**Supplied data:**
*** Block opens ***

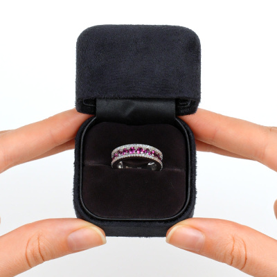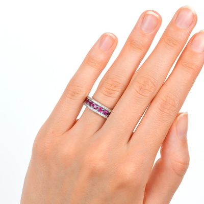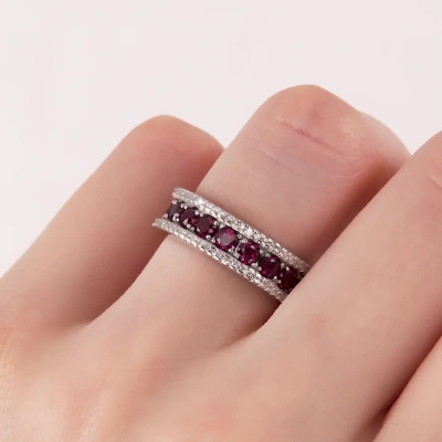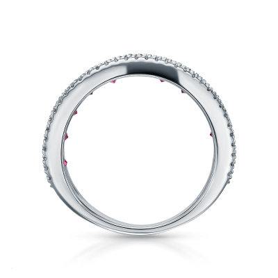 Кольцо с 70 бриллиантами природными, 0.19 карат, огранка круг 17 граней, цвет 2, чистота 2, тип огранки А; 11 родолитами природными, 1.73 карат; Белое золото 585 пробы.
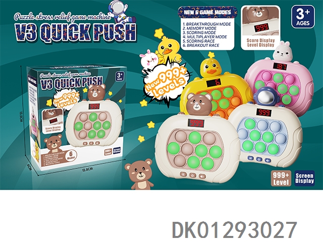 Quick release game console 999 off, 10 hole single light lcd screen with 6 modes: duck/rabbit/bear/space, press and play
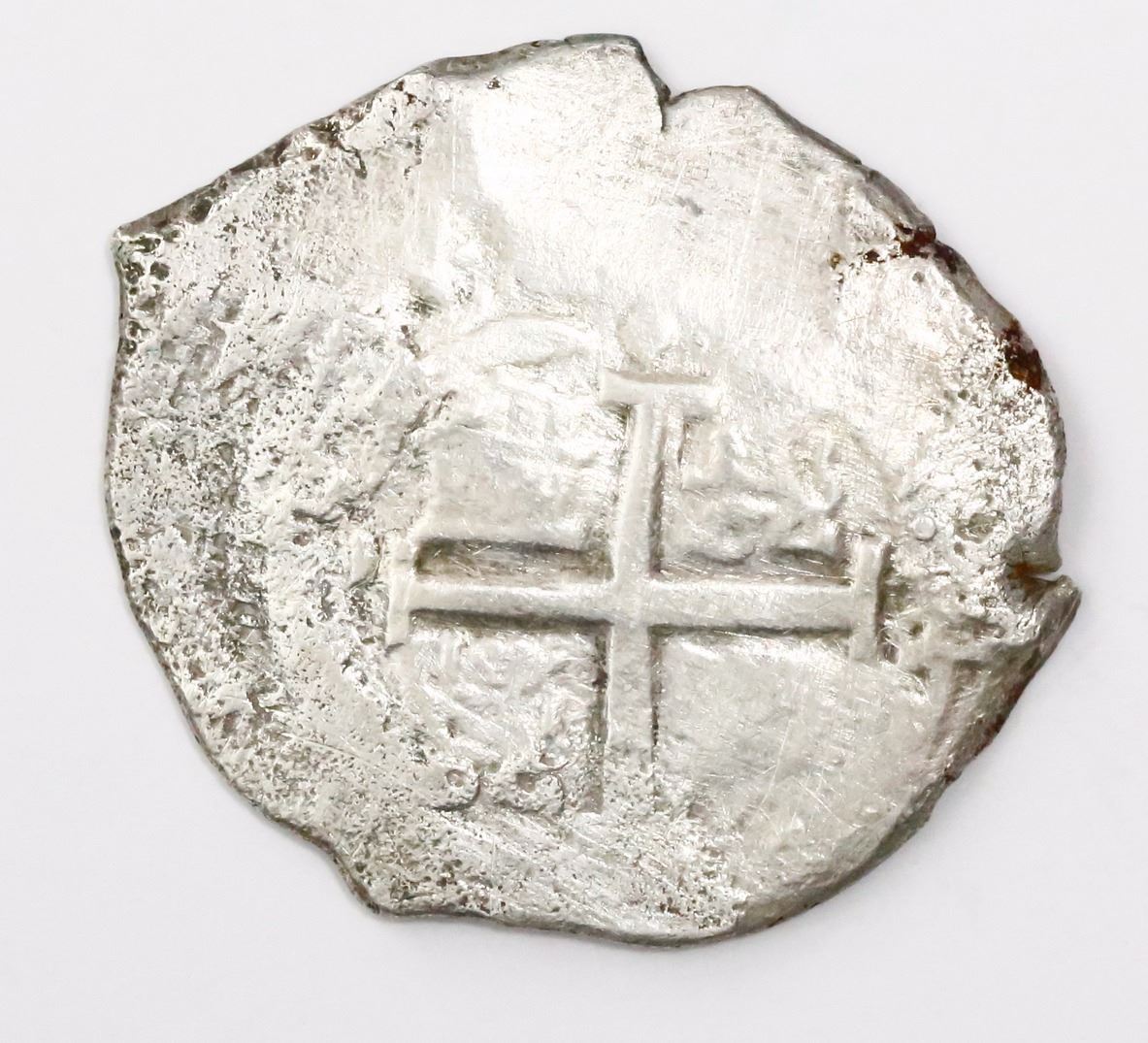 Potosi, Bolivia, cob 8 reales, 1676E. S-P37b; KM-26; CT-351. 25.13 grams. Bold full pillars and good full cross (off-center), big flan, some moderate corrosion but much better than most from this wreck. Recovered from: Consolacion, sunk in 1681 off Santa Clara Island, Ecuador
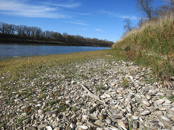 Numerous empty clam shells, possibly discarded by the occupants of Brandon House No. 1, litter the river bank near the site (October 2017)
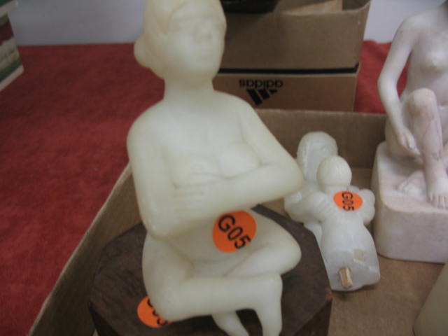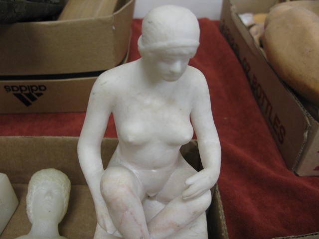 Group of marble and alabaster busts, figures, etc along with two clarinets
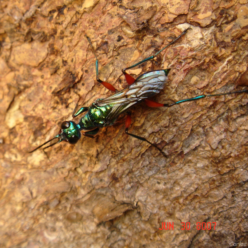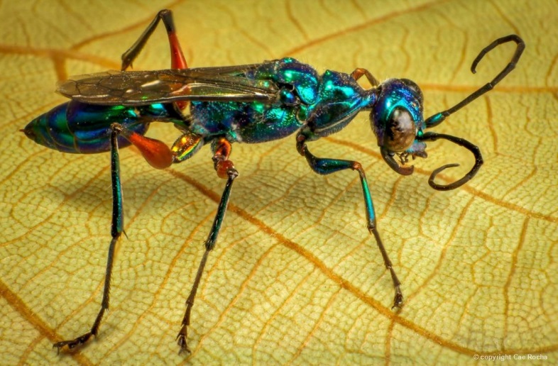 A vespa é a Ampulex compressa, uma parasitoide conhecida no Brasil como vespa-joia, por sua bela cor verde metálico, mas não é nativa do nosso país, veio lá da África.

*** Block closes ***
*** Block opens ***

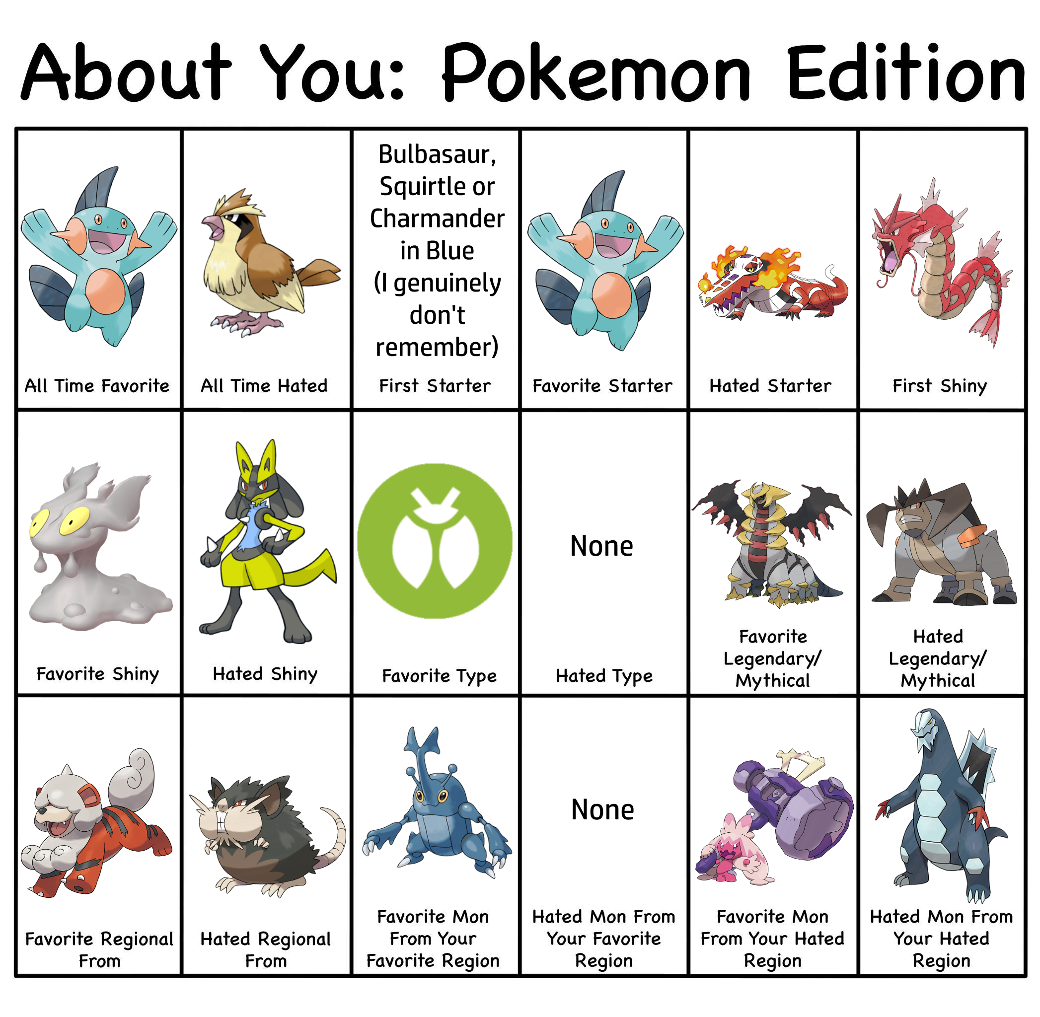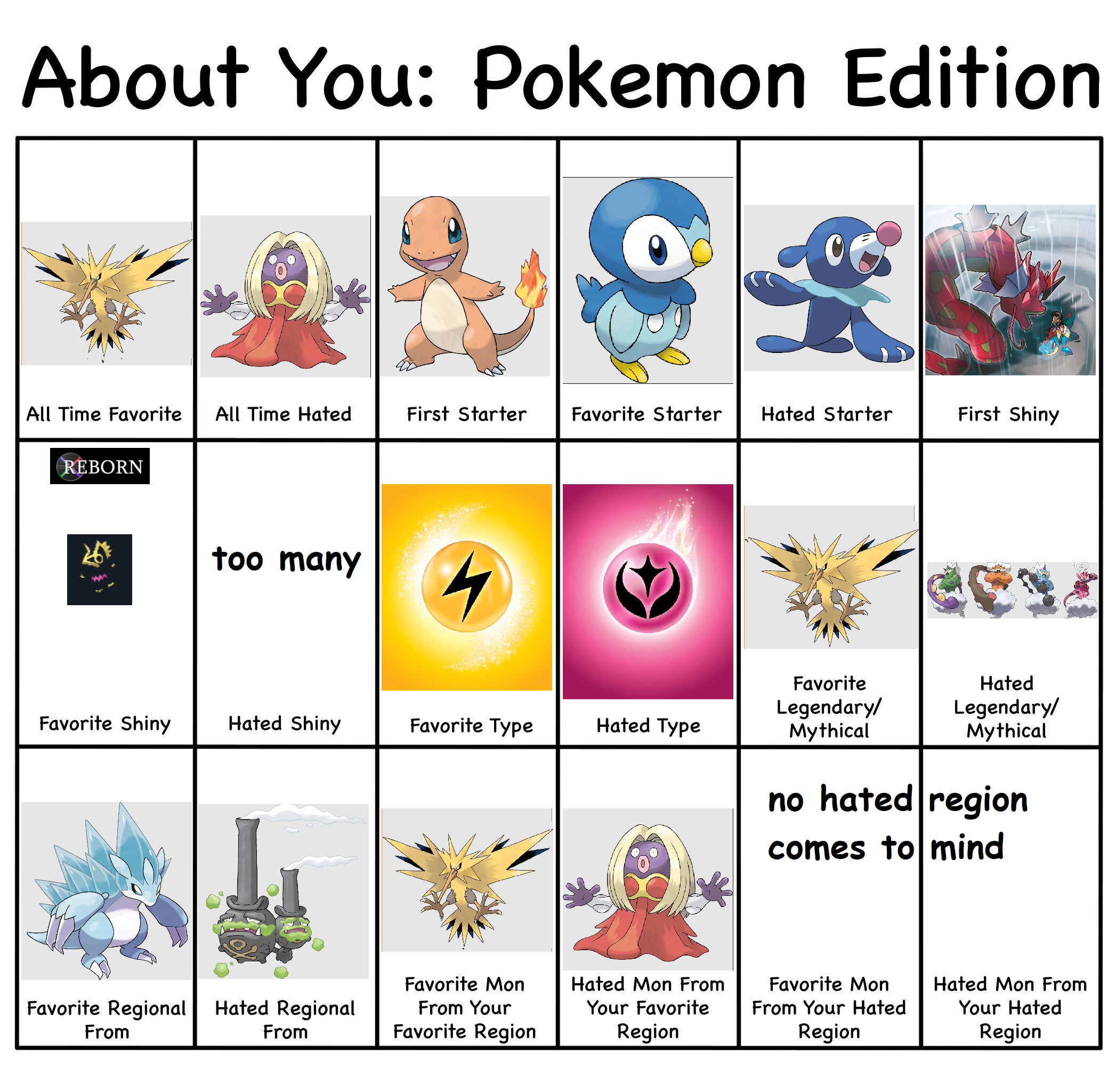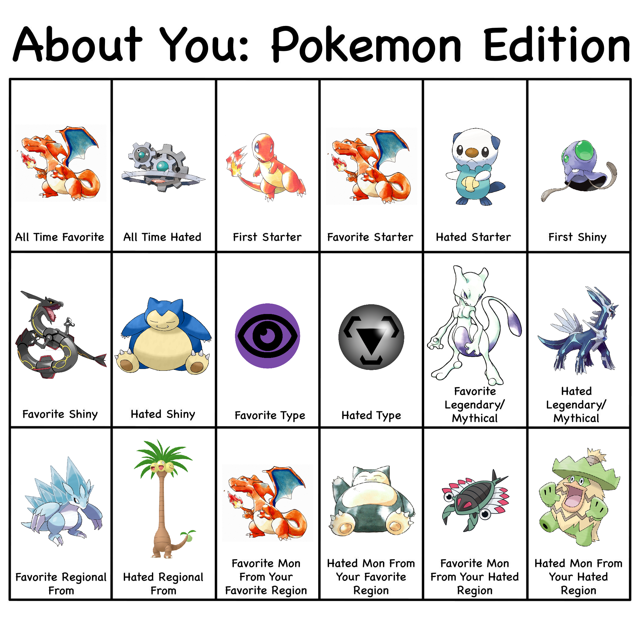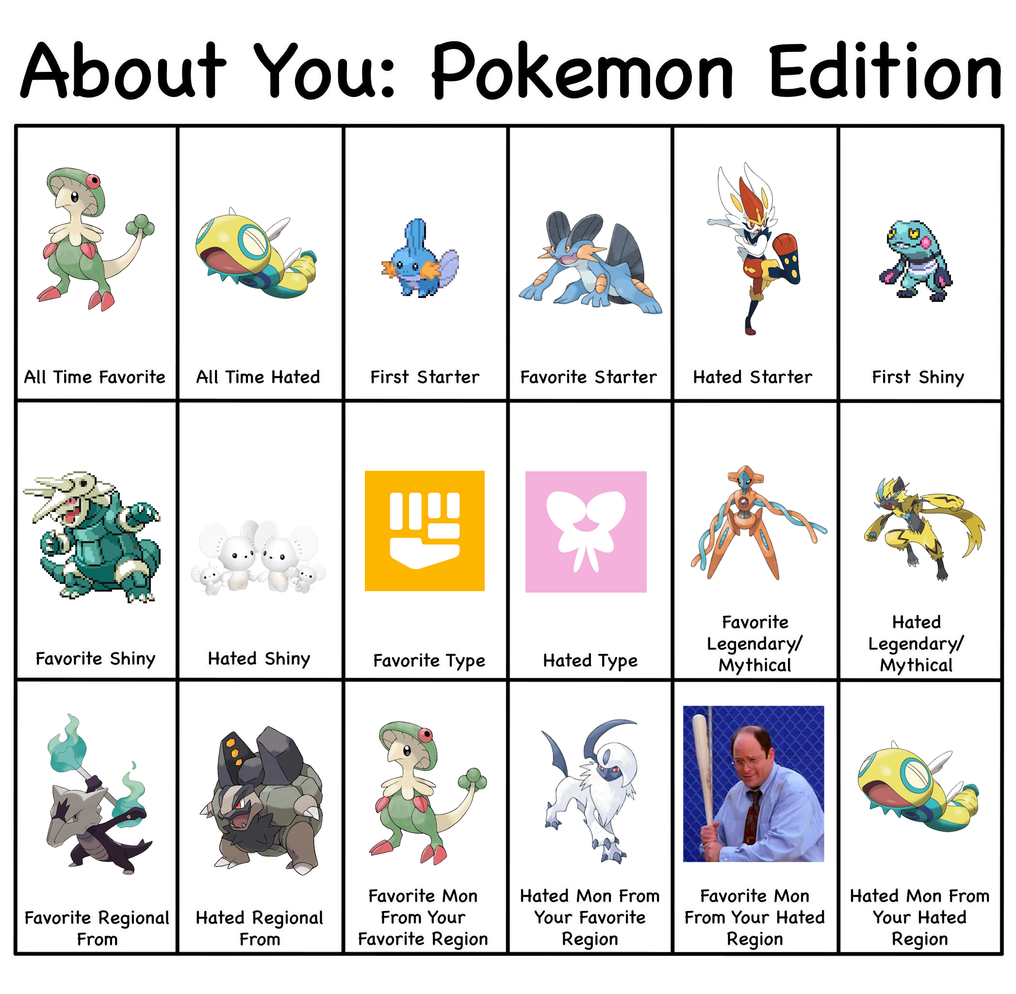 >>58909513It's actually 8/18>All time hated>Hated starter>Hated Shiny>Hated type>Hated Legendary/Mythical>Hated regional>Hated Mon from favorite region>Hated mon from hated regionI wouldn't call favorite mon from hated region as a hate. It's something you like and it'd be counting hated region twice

*** Block closes ***

**Your instructions:** Above are records; write out the lines from the one with "Group of marble" down to the one with "A vespa é a", exactly, leaving the pictures out.

**Response for this exercise:**
 Group of marble and alabaster busts, figures, etc along with two clarinets
 A vespa é a Ampulex compressa, uma parasitoide conhecida no Brasil como vespa-joia, por sua bela cor verde metálico, mas não é nativa do nosso país, veio lá da África.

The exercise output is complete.